🤖 AI Summary
This work addresses a fundamental limitation of current vision-language models (VLMs) in visual-physical joint reasoning: insufficient coupling between diagram interpretation and physical reasoning, coupled with excessive reliance on textual cues. To tackle this, we introduce SeePhys—the first large-scale multimodal benchmark explicitly designed for physics reasoning—spanning seven physics domains and 21 heterogeneous diagram types, with 75% of items rigorously classified as “vision-essential.” Our methodology features novel physics knowledge graph alignment, fine-grained diagram annotation, and cross-difficulty item synthesis, enabling a K–12 to PhD-level hierarchical evaluation framework. Extensive experiments reveal that state-of-the-art VLMs—including Gemini-2.5-Pro and o4-mini—achieve less than 60% accuracy, demonstrating a critical bottleneck in rigorous visual-physical co-reasoning. SeePhys thus establishes a foundational benchmark and diagnostic tool for advancing physically grounded multimodal intelligence.
📝 Abstract
We present SeePhys, a large-scale multimodal benchmark for LLM reasoning grounded in physics questions ranging from middle school to PhD qualifying exams. The benchmark covers 7 fundamental domains spanning the physics discipline, incorporating 21 categories of highly heterogeneous diagrams.

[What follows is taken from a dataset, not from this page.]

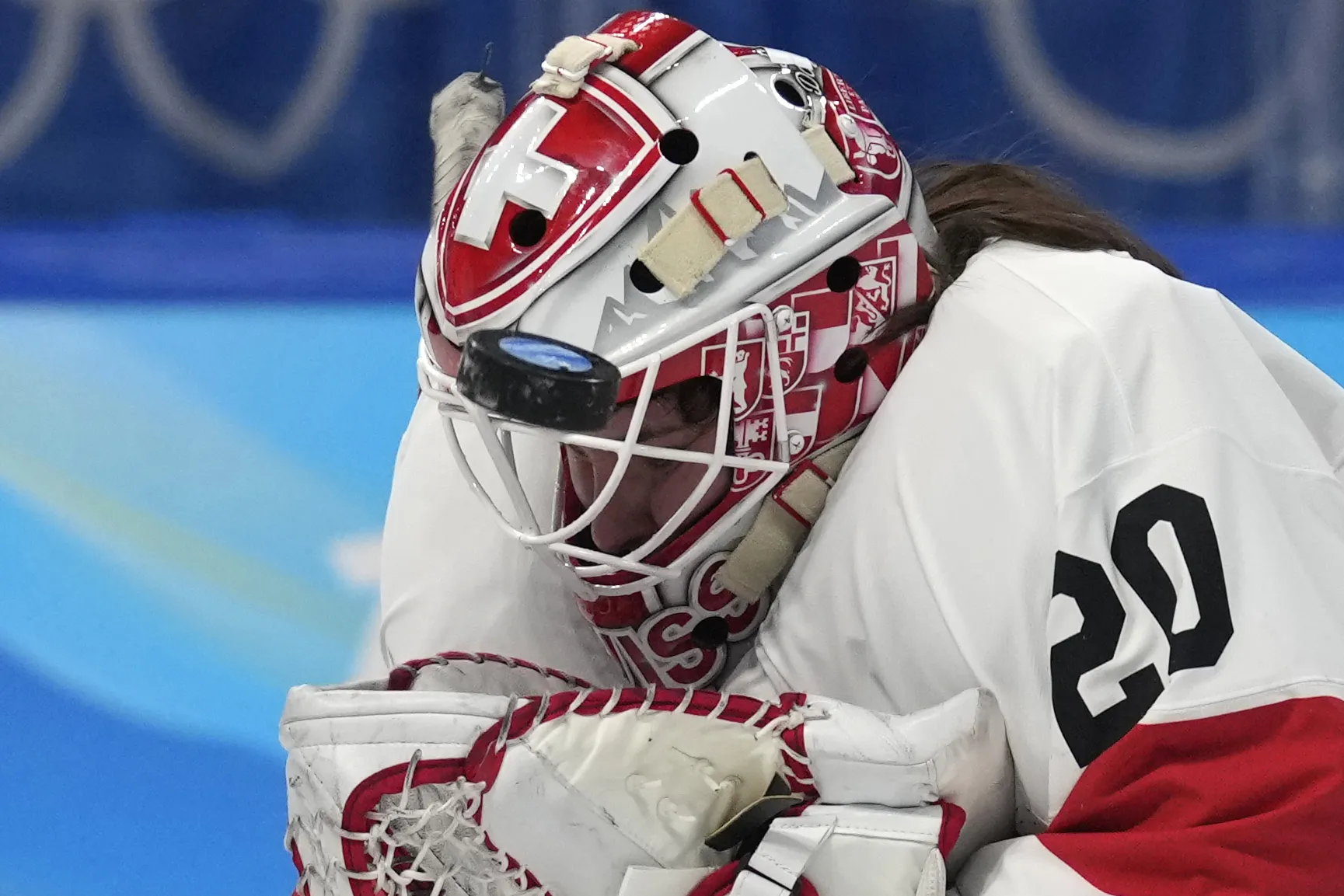 The puck hits the mask of Switzerland goalkeeper Andrea Braendli during the women's bronze medal hockey game against Finland at the 2022 Winter Olympics, Wednesday, February 16, 2022, in Beijing. (Photo by Petr David Josek/AP Photo)

In contrast to prior works where visual elements mainly serve auxiliary purposes, our benchmark features a substantial proportion of vision-essential problems (75%) that mandate visual information extraction for correct solutions. Through extensive evaluation, we observe that even the most advanced visual reasoning models (e.g., Gemini-2.5-pro and o4-mini) achieve sub-60% accuracy on our benchmark. These results reveal fundamental challenges in current large language models' visual understanding capabilities, particularly in: (i) establishing rigorous coupling between diagram interpretation and physics reasoning, and (ii) overcoming their persistent reliance on textual cues as cognitive shortcuts.